Explanation of the plot of convergence rate in each \(i\) (Momentum)

A plot of convergence rate in each \(i\) (Momentum)

• Here we show the case \(\lambda_i = 1.\)

Convergence Rate

• Combining the above five situations, we can conclude that the range of available step-sizes works out to be \[ \begin{aligned} {\color{red}{0<\alpha \lambda_i < 2+2\beta , \quad 0 \leq \beta < 1.}} \end{aligned} \]

• The range of \(\alpha\) gets bigger when we add momentum: \[ \begin{aligned} 0<\alpha \lambda_i < 2 \stackrel{\text{with momentum}}{\Longrightarrow} 0<\alpha\lambda_i<2+2\beta. \end{aligned} \]

• What is the best choice between \(\alpha,\beta\)?

Optimal parameters

• Recall that in GD without momentum:

  • The convergence rate of \(w^k_i\) to \(w^*_i\) (\(i\)-th component) is \(\left\lvert 1-\alpha \lambda_i \right\rvert;\)

  • The convergence rate of \(w^k\) to \(w^*\) is \[ \begin{aligned} \text{rate}(\alpha) = \max \bigl\lbrace \left\lvert 1-\alpha \lambda_1 \right\rvert , \left\lvert 1-\alpha \lambda_n \right\rvert \bigr\rbrace; \end{aligned} \]

  • \[ \begin{aligned} \arg \min_{\alpha} \, \text{rate}(\alpha) &= \frac{2}{\lambda_1+\lambda_n}, \cr \min_{\alpha} \text{rate} (\alpha) &= \frac{\lambda_n/\lambda_1-1}{\lambda_n/\lambda_1+1}. \end{aligned} \]

• With Momentum?

• We first analyze \(i\)-th component with \(\alpha\) fixed.

Optimal parameters (\(i\)-th component)

• We see the \(i\)-th component with \(\alpha\) fixed.

• Recall that \[ \begin{aligned} y_i^{k+1} &= \beta y_i^k + \lambda_i x_i^k, \cr x_i^{k+1} &= x_i^k - \alpha y_i^{k+1}, \end{aligned} \] in each \(i\)-th component.

• Or, \[ \begin{aligned} \begin{bmatrix} y_i^k \\ x_i^k \\\end{bmatrix} = R_i^k \begin{bmatrix} y_i^0 \\ x_i^0 \\\end{bmatrix}, \qquad R_i = \begin{bmatrix} \beta & -\alpha \beta \\ \lambda_i & 1-\alpha \lambda_i \\\end{bmatrix}. \end{aligned} \]

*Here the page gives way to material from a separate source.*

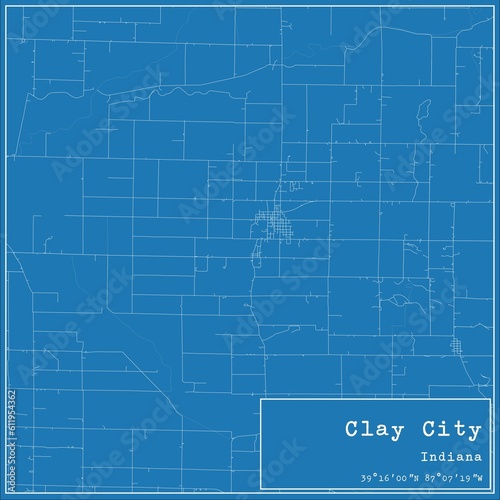 Fototapeta premium Blueprint US city map of Clay City, Indiana.

• The convergence rate of \(\lbrace x_i^k \rbrace_k\) is \(\max\lbrace \left\lvert \sigma_1(i) \right\rvert , \left\lvert \sigma_2(i) \right\rvert \rbrace,\) where \(\sigma_1(i),\sigma_2(i)\) are two eigenvalues of \(R_i.\)

• Here we can use the physical point of view.

  • It is a discretization of a damped harmonic oscillator.

• The critical case happens when \(\sigma_1(i)=\sigma_2(i).\)

  • That is, \(\beta=(1-\sqrt{\alpha \lambda_i})^2.\)

• The minimum convergence rate is \(\color{red}{1-\sqrt{\alpha \lambda_i}}.\)

• The minimum convergence rate of \(w^k_i\) to \(w^*_i\) (\(i\)-th component) varies as follows: \[ \begin{aligned} 1-\alpha\lambda_i \stackrel{\text{with momentum}}{\Longrightarrow} 1-\sqrt{\alpha \lambda_i}. \end{aligned} \] But this only applies to the error in the \(i\)-th component with \(\alpha\) fixed.

Optimal parameters

• To get a global convergence rate, we must optimize over both \(\alpha,\beta.\)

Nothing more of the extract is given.